Each line below should be repeated exactly, but no picture should be carried over.

Collected data entries:
*** Begin section ***

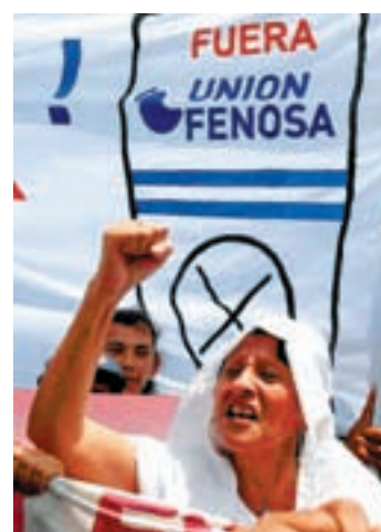
NICARAGUA, 2006. Protesta contra Unión Fenosa en Managua.

En la década de los 90, a raíz de la creación del Mercado Único Europeo y la consolidación del marco económico neoliberal (Consenso de Washington), se produce un proceso de apertura e
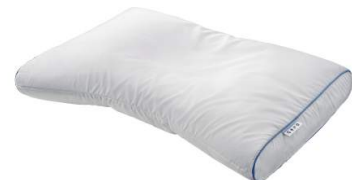
西川のキレイなふとん Aller-Wall まくら
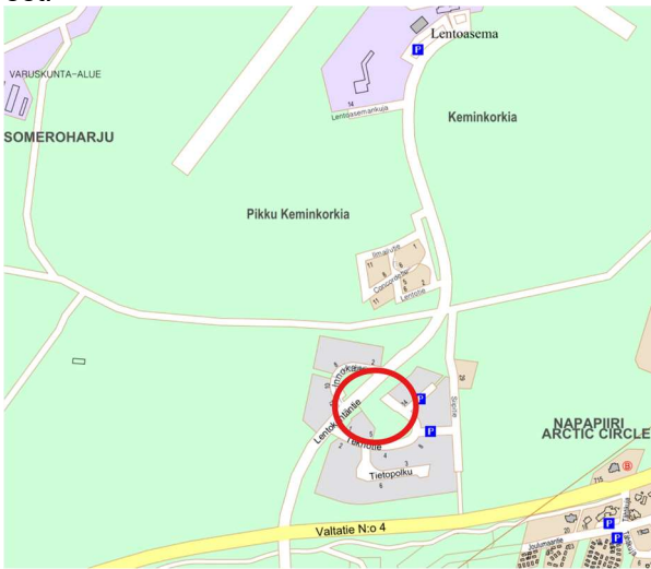
Kuva 2. Suunnittelualueen sijainti

Kaavamutosalue sijaitsee 18. kaupunginosassa Lentokentäntien ja Innokaaren sekä Teknotie ja Lentokentäntien välisellä alueella. Virkistysalueet rajoittuvat rakennettuihin katuihin. Vaikutusalue käsittää lähiympäristön kortteli- katu- ja virkistysalueet.
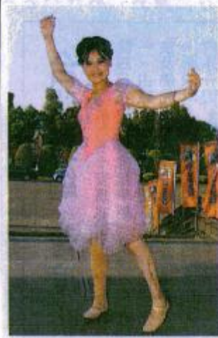
因地震受傷截肢的小汶，自信舞出希望。
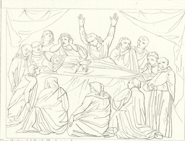
Vom Grabmal d. Guido Tarlati in Arezzo. 4.
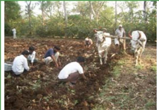
Cosecha de cúrcuma
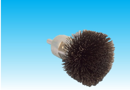
名称：軸付傘型ワグブラシ 35-6 0.3 価格：600 円 コード：C6-004
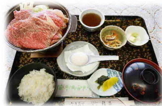
料亭 福昌 最大受入人数80席 【米沢牛すき焼き膳】
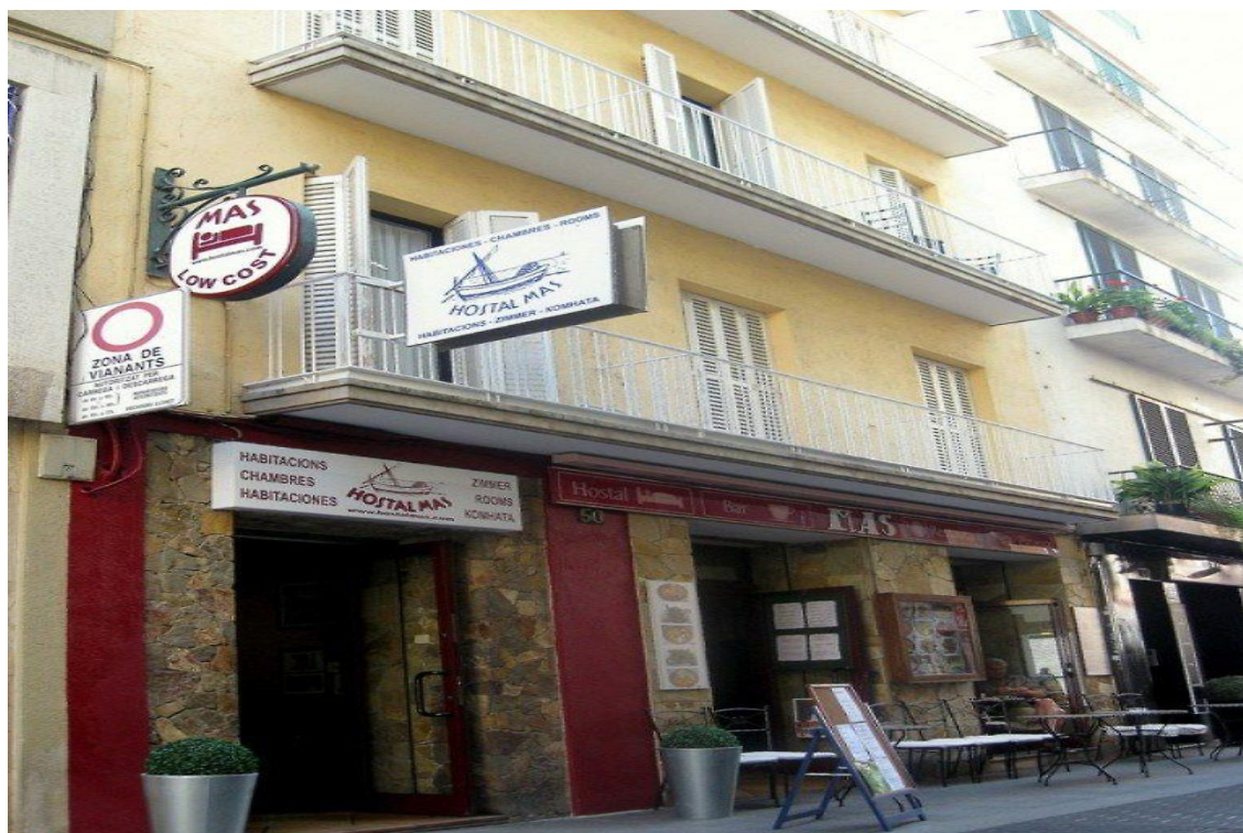
HOTEL CASA MAS

*** End section ***

### Result
NICARAGUA, 2006. Protesta contra Unión Fenosa en Managua.

En la década de los 90, a raíz de la creación del Mercado Único Europeo y la consolidación del marco económico neoliberal (Consenso de Washington), se produce un proceso de apertura e
西川のキレイなふとん Aller-Wall まくら
Kuva 2. Suunnittelualueen sijainti

Kaavamutosalue sijaitsee 18. kaupunginosassa Lentokentäntien ja Innokaaren sekä Teknotie ja Lentokentäntien välisellä alueella. Virkistysalueet rajoittuvat rakennettuihin katuihin. Vaikutusalue käsittää lähiympäristön kortteli- katu- ja virkistysalueet.
因地震受傷截肢的小汶，自信舞出希望。
Vom Grabmal d. Guido Tarlati in Arezzo. 4.
Cosecha de cúrcuma
名称：軸付傘型ワグブラシ 35-6 0.3 価格：600 円 コード：C6-004
料亭 福昌 最大受入人数80席 【米沢牛すき焼き膳】
HOTEL CASA MAS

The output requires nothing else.